“It has all been so terrible that I can hardly write what I have seen today.  … Shall I ever forget it? It was hell let loose.”

So wrote a lieutenant in the Army Service Corps, 1st Australian Division, on the evening of the first day of the invasion at Anzac Cove in Turkey in 1915.

He continued: “Guns boomed from everywhere and it was an awfully anxious time for us watching every lot of our boat parties getting ashore, and though shots and shells were coming out to us we were concerned more for those trying to land.  It wasn’t very long before boatloads of wounded were being brought back onto the hospital ships, and they had to pass through our lines.  I will never forget it – I felt sick and had to turn away.”

Another account said: “Of the 10,000 Anzacs who landed that fateful day, more than 2000 were killed or wounded before darkness fell.  The injured were first attended to at a dressing station on the beach, before being ferried out to the hospital ships lying offshore where lights blazed through the night.”

Even today, more than 100 years on, we are struck by the horrors the troops (on both sides) endured there and on other battlefields, repeated again and again up to today’s hideous conflicts in Ukraine, Yemen, Syria, Myanmar and other places.

I was born a decade after the end of the Second World War, but I grew up with adults around me for whom this was a life-defining event.

I was born a decade after the end of the Second World War, but I grew up with adults around me for whom this was a life-defining event. Schoolchildren would buy small commemorative ribbons to wear on Anzac Day and paper poppies for Remembrance Day. I recall attending Anzac Day marches as a small child and seeing the last of the Boer War veterans walking in thin ranks down the street. The “returned men”, as they were known, often seemed to me to be morose and too inclined to drunkenness on these times of commemoration, but then what does a small child understand of the experiences I now know they had been through?

The existence of repressed pain came home to me as a teenager when my father told me about the response of one of his work colleagues to encountering a Japanese delegation behind the development of the Central Queensland coalfields.
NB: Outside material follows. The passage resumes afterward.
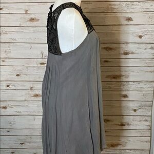 Grey w/ black and gold appliqué top; sleeveless; flowy silhouette; hidden back zipper; fully lined

His workmate had been a prisoner of war in Changi and survived the War to emerge as a living skeleton on VJ day.

Nursed back to health on a diet supplemented by Vegemite dissolved in hot water he was not, under any circumstances, going to shake the hands of the businessmen whose countrymen treated him so cruelly. I don’t know if he was shocked by the depths of feeling that arose within him, but these were deep wounds unhealed by the passing of time. Who knows how the legacy of Russia’s brutal invasion of Ukraine will play out in the years to come?

It is the nature of history that we can only look at events that we were not part of from the perspective and social constructs of our own time and place. It goes without saying that the people who endured such hardship and suffered such loss hoped for a better world to emerge out of the wreckage that they had emerged from. There were lessons aplenty for both the victors and the vanquished.

Modern commentary tends to judge the people of this era harshly as too monochrome, too British in their sensibilities. Yet, it was this generation of Australians who opened up the society they knew for people who had suffered the harsh experiences of the war, as refugees and migrants. I suspect that this was due to a lesson they had learned about shared humanity through the hard times they had differently endured.

“I have seen evidence in action that man is essentially a religious being.  When he is face-to-face with the eternal he turns to God as naturally as a flower turns to the sun.” – Chaplain Frank J Hartley

Chaplain Frank J Hartley, who served the men of the 7th Australian Division Cavalry Regiment in New Guinea, has left some powerful reflections of the battle that left 55 men of that regiment dead over a 10-day period in December 1942: “I feel that I know something of the deeper meaning of Christianity since our baptism of fire.  Things that were believed in sincerely are now believed in passionately.  I have seen evidence in action that man is essentially a religious being.  When he is face-to-face with the eternal he turns to God as naturally as a flower turns to the sun.”

The Old Testament has a powerful image in the book of the prophet Ezekiel, when God shows Ezekiel a valley of dry human bones and asks one piercing question, “Mortal can these dry bones live?” This question, in one form or another is always the question that broken and exhausted people need to answer after the devastation of war.

This question searched deep into Ezekiel’s heart as he pondered what future could possibly arise from disaster. His answer was ‘O Lord, you know.’ At the one time he made a recognition of God’s sovereignty and seized a hope for restoration when even his own imagination for the future of his nation had failed.

It is God alone who can bring healing between those who have been foes, God alone who can stir up compassion and empathy for the plight of citizens in formerly warring nations. Through God’s healing power and mercy the evils of one era are not the inevitable forces to shape the future.

By their nature, events of remembrance look back to the past – but they invite us also to look forward to the future and to our responsibility as the ones who carry the values of or society into that future.  In whatever role we find ourselves in, we can make our own the qualities we admire that we have read about or as we have seen them in others.